House debates

Thursday, 29 February 2024

Adjournment

Honey Industry

4:39 pm

Photo of Gavin PearceGavin Pearce (Braddon, Liberal Party, Shadow Assistant Minister for Health, Aged Care and Indigenous Health Services) Share this | Hansard source

It is outrageous. Alarmingly, a leading international honey bee fraud detection unit—there's obviously an acronym that's going to be formed there—found that half the honey samples tested from around Australian supermarkets were altered honey in some way. Shamefully, they were being advertised as 100 per cent honey, but they contained this sugar syrup.

This is an important issue of great concern to me, my state and the industry more widely. I have written to the minister, Minister Watt, on behalf of our honey bee industry. I have been advised by the minister that the department is currently making moves in order to strengthen the test imported honey, which I welcome. However, I must reiterate the importance of listening to the views and knowledge within our industry. I will certainly be keeping a very close eye on this matter to ensure that we move to eliminate honey fraud once and for all.

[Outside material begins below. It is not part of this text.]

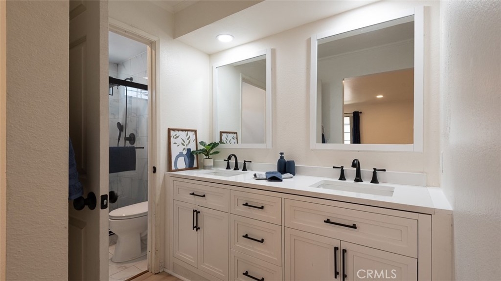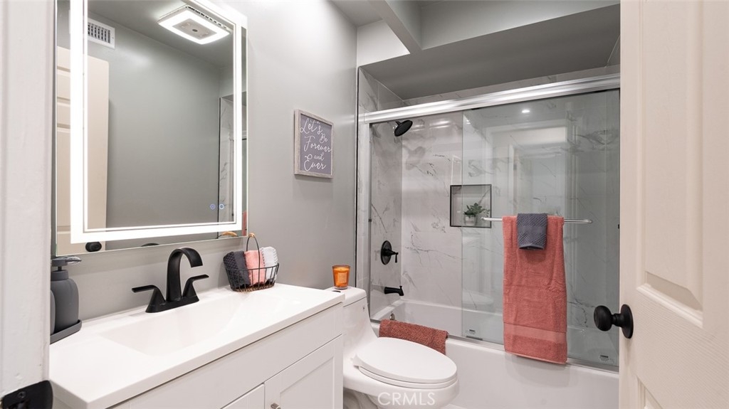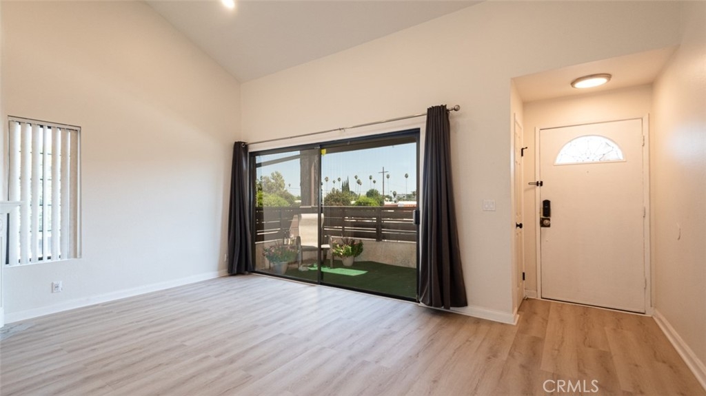 Great new price! This beautifully updated end unit condo located in the desirable Lake Balboa community is waiting for you. As you enter the open concept living space, you are welcomed by how it feels so light and bright. Vaulted ceilings with recessed lighting and the expansive glass door that takes you out to the deck, where you can enjoy views of the pool area or simply a place to plan that next BBQ. A corner gas fireplace will also provide that cozy feel. As you move through a nice-sized dining room with custom lighting and into the newly updated kitchen, you see the elegant white Shaker cabinets, quartz countertops, marble-style tile floors and built-in stainless appliances. There is a five burner LGT gas stove, microwave, dishwasher, farmhouse sink and state of the art side by side refrigerator that complete this modern kitchen. Through the hallway is a newly finished bathroom offering tub/shower, sink cabinet, lighted mirror, the latest tile surround and flooring with easy access to the secondary bedroom as well. The large master ensuite bedroom offers mirrored closet doors and custom built-ins. As you enter the gorgeous bathroom with double sink cabinets and separate stall shower with frameless doors, there is a feeling of tranquility. Additional features of this lovely home are new light wood-style flooring throughout, inside stackable laundry closet, recessed lighting, newer hot water heater, newer electrical, double tandem detached garage with room for storage and ample guest parking. Close to commute, shopping, restaurants, Balboa Park and more! A must see home!

Honey fraud is not the only pressing issue on the minds of our honey bee industry. Labor's new fresh food tax has been introduced into parliament. Ever since the biosecurity protection levy was first proposed, there have been questions raised about the serious failures within this policy design. A recent report by the Australian National University has found that, given the considerable weaknesses in the proposed levy, an alternative policy approach is recommended. This is just further evidence to back up what producers have been saying to me right from the beginning. Our honey producers, for example, have been directly impacted by the varroa mite and have lost productivity and incomes, and they're paying tens of millions of dollars in emergency biosecurity levies and are now about to be hit by the new biosecurity tax that will go directly into consolidated government revenue.

This call is for the government to scrap the bill and increase charges for those who create the biosecurity risk in the first place, such as importers and travellers. The second option is to further fund biosecurity protections through general revenue. I wholeheartedly agree.